### Activity
Copy the listing as it is written, and leave each picture out.

═══ Given records

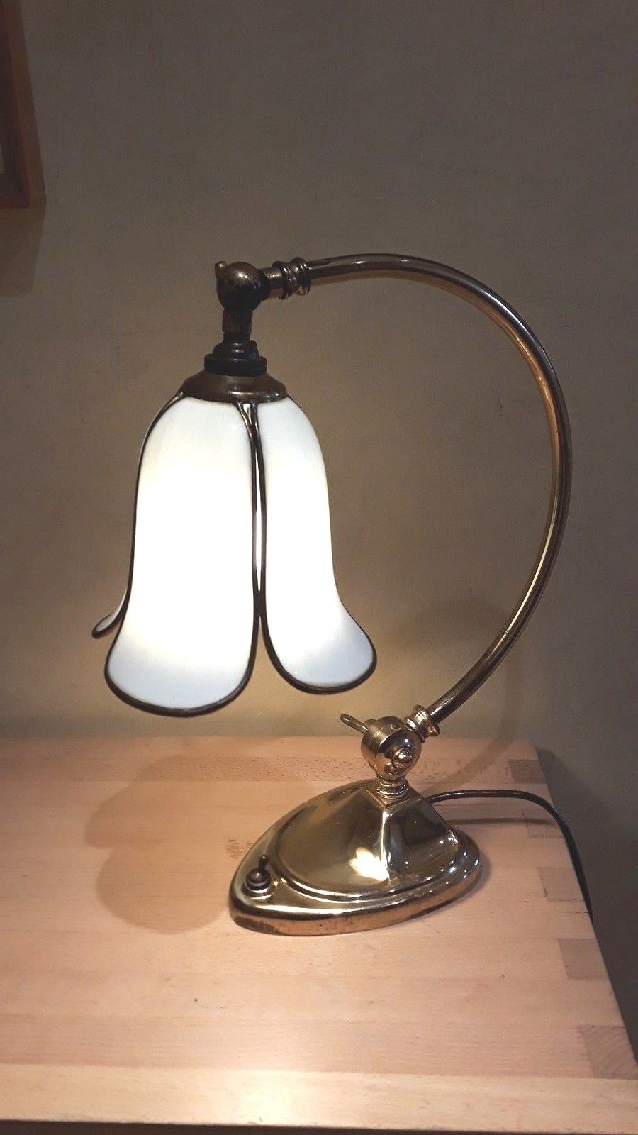 Title (ebay affiliate link): OLD BRASS HEART SHAPED TABLE LAMP WITH WHITE GLASS & BRASS SHADE
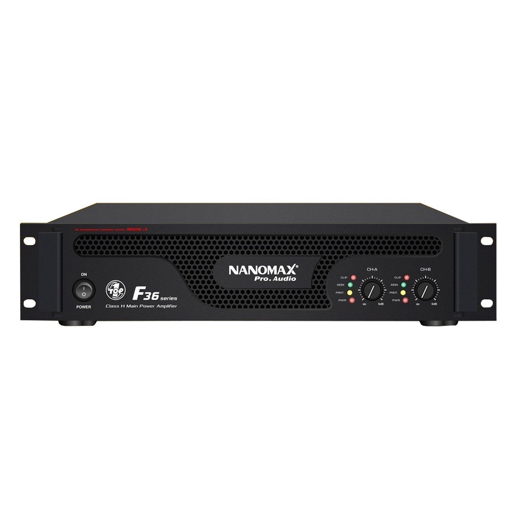 Mua tại TiktokMain công suất Nanomax F36 Thông số kỹ thuật: Dãy tần hoạt động: 20Hz - 20KHz Mạch công suất: Class H (Chức năng bù nguồn) Sò công suất: 36 sò ToshibaJapan Công suất: 1800W / 2 Channel Điện áp: AC-220V / 50Hz Kích thước (DxRxC): 430 x 300 x 90 mm
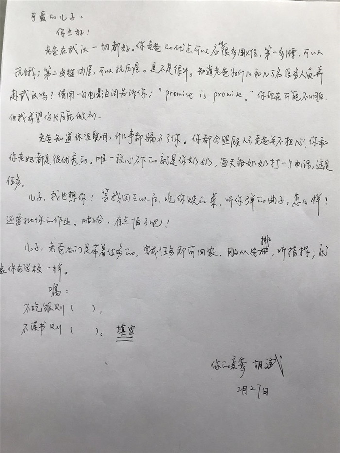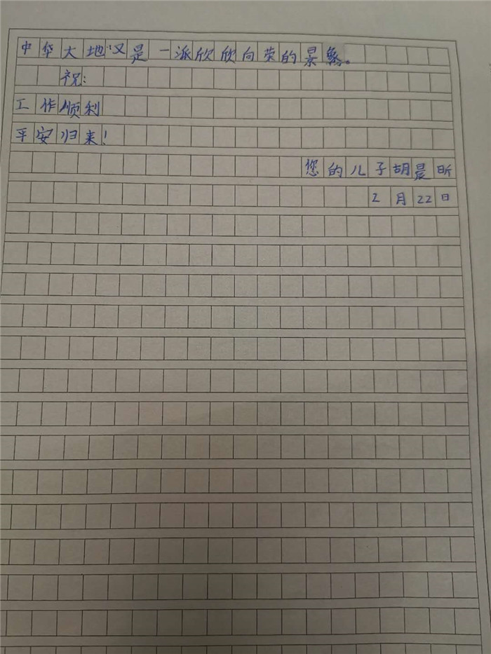 近日,身在前线战“疫”的胡斌收到了来自10岁儿子胡晨昕的封信,这封信寄托了儿子对爸爸的强烈思念和牵挂。这份“稚嫩的牵挂” ,让大家湿润了眼眶。
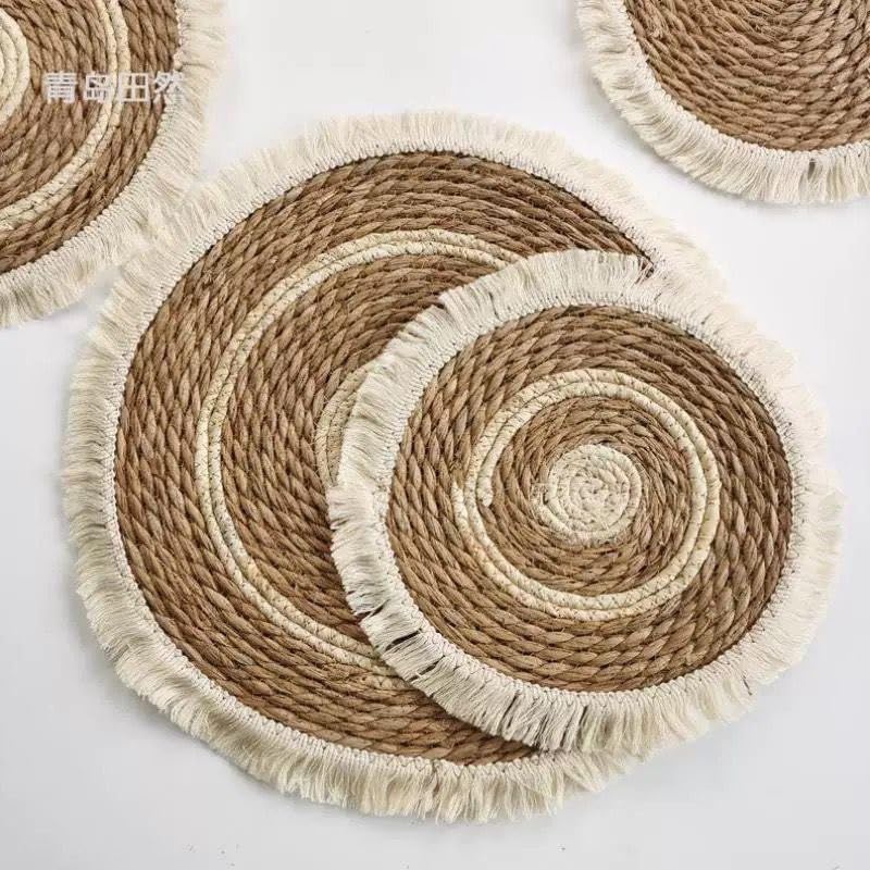Generic - 38cm Solid Wicker Coaster Braided Long Lasting Non-Slip Multifunctional Practical Bowl Mat Reusable (Shape 3)
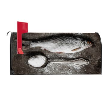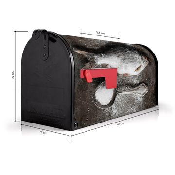 Der amerikanische Briefkasten von banjado mit Fisch Und Salz Motiv bietet Ihnen ausreichend Fassungsvermögen, um große A4 Sendungen und Zeitschriften zu empfangen. Die typisch amerikanische rote Fahne zeigt Ihnen an, wenn Sie Post erhalten haben. Die US-Mailbox besteht aus verzinktem Stahlblech welches lackiert wurde und ist 48 x 22 x 16 CM (BxHxT) groß. Die Folie mit Motiv Fisch Und Salz besteht aus einer wetter- und UV-resistenten Folie, die mit einem Schutzlaminat überzogen ist, sodass die US Mailbox zusätzlich vor Kratzern geschützt ist. An der Unterkante sind 4 Löcher je Seite um die Mailbox, typisch amerikanisch, an einem Holzpfahl oder einem Zaun zu befestigen. Auf Wunsch können Sie bei uns den passenden Standfuß oder die passende Wandhalterung kaufen um die US-Mailbox sicher zu befestigen. Wir bieten Ihnen ebenfalls Namensschilder, bereits beschriftet oder frei zu beschriften, und verschiedene selbst gestaltete Bitte-Keine-Werbung-Aufkleber.

══════

### Result for this exercise
 Title (ebay affiliate link): OLD BRASS HEART SHAPED TABLE LAMP WITH WHITE GLASS & BRASS SHADE
 Mua tại TiktokMain công suất Nanomax F36 Thông số kỹ thuật: Dãy tần hoạt động: 20Hz - 20KHz Mạch công suất: Class H (Chức năng bù nguồn) Sò công suất: 36 sò ToshibaJapan Công suất: 1800W / 2 Channel Điện áp: AC-220V / 50Hz Kích thước (DxRxC): 430 x 300 x 90 mm
 近日,身在前线战“疫”的胡斌收到了来自10岁儿子胡晨昕的封信,这封信寄托了儿子对爸爸的强烈思念和牵挂。这份“稚嫩的牵挂” ,让大家湿润了眼眶。
Generic - 38cm Solid Wicker Coaster Braided Long Lasting Non-Slip Multifunctional Practical Bowl Mat Reusable (Shape 3)
 Der amerikanische Briefkasten von banjado mit Fisch Und Salz Motiv bietet Ihnen ausreichend Fassungsvermögen, um große A4 Sendungen und Zeitschriften zu empfangen. Die typisch amerikanische rote Fahne zeigt Ihnen an, wenn Sie Post erhalten haben. Die US-Mailbox besteht aus verzinktem Stahlblech welches lackiert wurde und ist 48 x 22 x 16 CM (BxHxT) groß. Die Folie mit Motiv Fisch Und Salz besteht aus einer wetter- und UV-resistenten Folie, die mit einem Schutzlaminat überzogen ist, sodass die US Mailbox zusätzlich vor Kratzern geschützt ist. An der Unterkante sind 4 Löcher je Seite um die Mailbox, typisch amerikanisch, an einem Holzpfahl oder einem Zaun zu befestigen. Auf Wunsch können Sie bei uns den passenden Standfuß oder die passende Wandhalterung kaufen um die US-Mailbox sicher zu befestigen. Wir bieten Ihnen ebenfalls Namensschilder, bereits beschriftet oder frei zu beschriften, und verschiedene selbst gestaltete Bitte-Keine-Werbung-Aufkleber.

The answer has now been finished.